Ce qui les rassemble : la nécessité de prendre conscience des mutations en cours, de remettre à jour leurs représentations du futur et de développer des capacités nouvelles d’anticipation chez leurs équipes ou leurs étudiants.
 

Pourquoi avoir développé un pôle formation ?

La formation est une composante forte de notre approche. Se former à la prospective, à l’innovation ou aux grandes transitions, c’est se donner les moyens de comprendre et d’agir dans un environnement où l’on se sent perdu.
Conscient de cette responsabilité, nous travaillons d’ailleurs au côté de l’EDC, de l’ISC et de l’ESIEE-IT à un projet de Chaire UNESCO sur le thème de la prospective dédiée aux Territoires.  
 

En quoi consiste le projet HILL que vous avez lancé ?

HILL (Hybrid Intelligence Living Lab) est un projet ambitieux visant à créer un jumeau numérique pour amplifier l’intelligence collective grâce à l’IA. HILL est un outil puissant au service de la créativité, de l’innovation et de la prospective.
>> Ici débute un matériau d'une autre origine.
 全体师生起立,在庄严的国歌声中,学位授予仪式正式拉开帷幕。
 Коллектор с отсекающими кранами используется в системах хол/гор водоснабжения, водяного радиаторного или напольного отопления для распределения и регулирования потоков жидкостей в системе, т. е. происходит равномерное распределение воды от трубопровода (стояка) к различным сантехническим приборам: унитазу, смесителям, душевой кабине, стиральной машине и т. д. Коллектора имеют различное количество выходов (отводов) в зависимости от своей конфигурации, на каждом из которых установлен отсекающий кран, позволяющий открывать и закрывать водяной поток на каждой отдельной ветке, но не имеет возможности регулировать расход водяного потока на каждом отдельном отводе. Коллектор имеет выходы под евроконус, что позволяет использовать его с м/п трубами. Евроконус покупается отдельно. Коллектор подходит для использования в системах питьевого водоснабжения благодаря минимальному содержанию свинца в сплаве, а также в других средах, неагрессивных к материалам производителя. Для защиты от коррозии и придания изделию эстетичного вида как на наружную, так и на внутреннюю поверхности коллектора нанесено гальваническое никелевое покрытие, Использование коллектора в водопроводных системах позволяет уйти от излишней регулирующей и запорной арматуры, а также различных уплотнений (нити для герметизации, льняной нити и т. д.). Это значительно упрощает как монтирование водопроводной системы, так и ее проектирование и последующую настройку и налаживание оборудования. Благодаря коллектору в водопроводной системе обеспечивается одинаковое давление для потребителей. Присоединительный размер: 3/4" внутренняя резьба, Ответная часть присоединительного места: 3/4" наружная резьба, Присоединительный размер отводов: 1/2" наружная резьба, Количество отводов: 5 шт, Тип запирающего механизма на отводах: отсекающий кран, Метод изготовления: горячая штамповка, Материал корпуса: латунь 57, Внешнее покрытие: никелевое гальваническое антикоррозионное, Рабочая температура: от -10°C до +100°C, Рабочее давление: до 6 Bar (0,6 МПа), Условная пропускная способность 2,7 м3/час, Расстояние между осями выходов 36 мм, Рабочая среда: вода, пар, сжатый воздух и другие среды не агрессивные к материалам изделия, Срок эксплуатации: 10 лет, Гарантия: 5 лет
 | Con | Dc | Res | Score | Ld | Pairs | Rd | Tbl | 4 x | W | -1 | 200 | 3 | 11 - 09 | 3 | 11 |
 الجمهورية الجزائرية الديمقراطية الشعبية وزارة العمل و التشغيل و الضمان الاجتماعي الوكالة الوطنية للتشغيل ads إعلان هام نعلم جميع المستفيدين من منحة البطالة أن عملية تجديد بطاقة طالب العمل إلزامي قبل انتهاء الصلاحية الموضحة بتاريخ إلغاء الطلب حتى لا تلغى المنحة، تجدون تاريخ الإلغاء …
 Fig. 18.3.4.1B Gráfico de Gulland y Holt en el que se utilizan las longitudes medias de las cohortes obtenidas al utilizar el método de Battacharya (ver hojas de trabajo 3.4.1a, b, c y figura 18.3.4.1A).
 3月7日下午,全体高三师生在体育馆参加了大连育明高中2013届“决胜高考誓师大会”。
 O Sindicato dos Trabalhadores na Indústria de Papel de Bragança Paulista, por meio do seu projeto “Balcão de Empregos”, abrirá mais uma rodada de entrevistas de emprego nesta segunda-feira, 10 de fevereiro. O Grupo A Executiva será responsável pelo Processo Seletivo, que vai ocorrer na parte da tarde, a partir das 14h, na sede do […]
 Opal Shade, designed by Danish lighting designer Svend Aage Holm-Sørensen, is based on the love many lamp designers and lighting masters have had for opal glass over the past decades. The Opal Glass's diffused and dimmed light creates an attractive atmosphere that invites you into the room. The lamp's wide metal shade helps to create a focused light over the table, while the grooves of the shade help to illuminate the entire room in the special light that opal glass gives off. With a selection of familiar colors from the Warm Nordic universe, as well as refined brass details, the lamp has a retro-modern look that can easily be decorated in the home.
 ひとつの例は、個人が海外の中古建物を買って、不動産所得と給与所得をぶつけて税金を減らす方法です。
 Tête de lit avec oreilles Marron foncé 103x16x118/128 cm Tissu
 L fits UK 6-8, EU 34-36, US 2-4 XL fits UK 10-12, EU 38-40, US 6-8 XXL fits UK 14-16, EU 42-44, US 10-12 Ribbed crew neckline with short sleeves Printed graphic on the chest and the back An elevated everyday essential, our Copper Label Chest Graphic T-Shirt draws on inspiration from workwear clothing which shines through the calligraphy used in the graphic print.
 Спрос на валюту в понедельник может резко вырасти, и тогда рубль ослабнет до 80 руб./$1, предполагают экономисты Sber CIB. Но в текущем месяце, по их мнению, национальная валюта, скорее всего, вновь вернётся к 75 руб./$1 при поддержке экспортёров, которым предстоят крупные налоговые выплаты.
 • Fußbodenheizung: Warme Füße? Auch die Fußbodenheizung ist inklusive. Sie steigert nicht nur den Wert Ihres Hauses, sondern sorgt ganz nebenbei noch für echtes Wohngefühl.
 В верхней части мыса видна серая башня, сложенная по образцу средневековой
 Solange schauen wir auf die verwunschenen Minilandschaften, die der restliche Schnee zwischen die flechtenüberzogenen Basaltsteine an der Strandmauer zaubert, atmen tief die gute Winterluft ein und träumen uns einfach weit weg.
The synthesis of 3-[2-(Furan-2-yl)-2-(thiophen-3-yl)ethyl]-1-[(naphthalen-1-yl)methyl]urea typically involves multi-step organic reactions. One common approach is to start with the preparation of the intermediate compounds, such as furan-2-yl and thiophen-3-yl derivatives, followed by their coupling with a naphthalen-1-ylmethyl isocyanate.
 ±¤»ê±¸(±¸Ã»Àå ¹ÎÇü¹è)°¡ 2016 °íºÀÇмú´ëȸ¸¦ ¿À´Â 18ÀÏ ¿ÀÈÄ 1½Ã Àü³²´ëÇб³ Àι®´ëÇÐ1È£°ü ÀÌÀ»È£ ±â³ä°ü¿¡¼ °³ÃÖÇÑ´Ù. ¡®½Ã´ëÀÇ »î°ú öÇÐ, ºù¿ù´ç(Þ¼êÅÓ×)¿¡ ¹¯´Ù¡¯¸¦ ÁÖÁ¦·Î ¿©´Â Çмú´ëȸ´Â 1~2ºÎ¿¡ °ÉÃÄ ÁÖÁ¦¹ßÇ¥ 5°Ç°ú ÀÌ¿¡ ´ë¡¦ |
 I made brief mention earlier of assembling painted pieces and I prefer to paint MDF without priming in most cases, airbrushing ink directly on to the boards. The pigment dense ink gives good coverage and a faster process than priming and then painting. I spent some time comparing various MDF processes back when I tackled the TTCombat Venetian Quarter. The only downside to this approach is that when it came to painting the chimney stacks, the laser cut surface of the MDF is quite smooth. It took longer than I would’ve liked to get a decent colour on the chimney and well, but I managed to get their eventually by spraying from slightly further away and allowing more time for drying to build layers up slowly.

Vous lancez le Grand Prix du Futur : pourquoi ?

Pour récompenser des récits de fiction, des essais ou des productions audio/vidéo qui aident à la ‘fabrication’ des fameux futurs 4D évoqués plus haut. Nous remettrons ces prix le 18 décembre prochain au club de l’Etoile à Paris.  On peut encore s’inscrire pour y participer. 

Si vous deviez donner un conseil aux dirigeants pour se préparer à 2030, quel serait-il ?

Nous en donnerions deux :
  • Ne cherchez pas à deviner l’avenir : apprenez à l’inventer. Le futur n’est pas seulement une temporalité, c’est une compétence à acquérir. Les dirigeants doivent savoir que la prospective est là pour éclairer et pour libérer les capacités de projection d’une organisation et de ses équipes.
     
  • Mobilisez ! En interne partagez avec vos collaborateurs une vision d’avenir mobilisatrice ; investissez-vous auprès de votre écosystème (clients, partenaires, société civile) pour créer avec eux un impact durable.

Merci Eric Seulliet et Christophe Pouilly d'avoir répondu à nos questions et de nous ouvrir les portes du Futur !


A propos d'Eric Seulliet

Eric Seulliet est président-fondateur de La Fabrique du Futur, think tank et living lab européen dédié à la prospective et à l’innovation. Diplômé de HEC et de l’Institut d’Urbanisme de Paris, il s’est spécialisé dans les démarches de co‑création et d’intelligence collective. Auteur et conférencier, il milite pour une approche constructiviste et optimiste du futur, en aidant entreprises, institutions et territoires à imaginer et façonner des modèles durables et désirables.

A propos de Christophe Pouilly

Christophe Pouilly est vice‑président exécutif de La Fabrique du Futur & Co, structure dédiée à la prospective et à l’innovation. Consultant en stratégie depuis plus de vingt‑cinq ans, il accompagne entreprises et institutions dans leurs transformations et la mise en œuvre de nouveaux modèles. Co‑fondateur de La Fabrique du Futur & Co, il milite pour une approche collective et proactive de l’anticipation.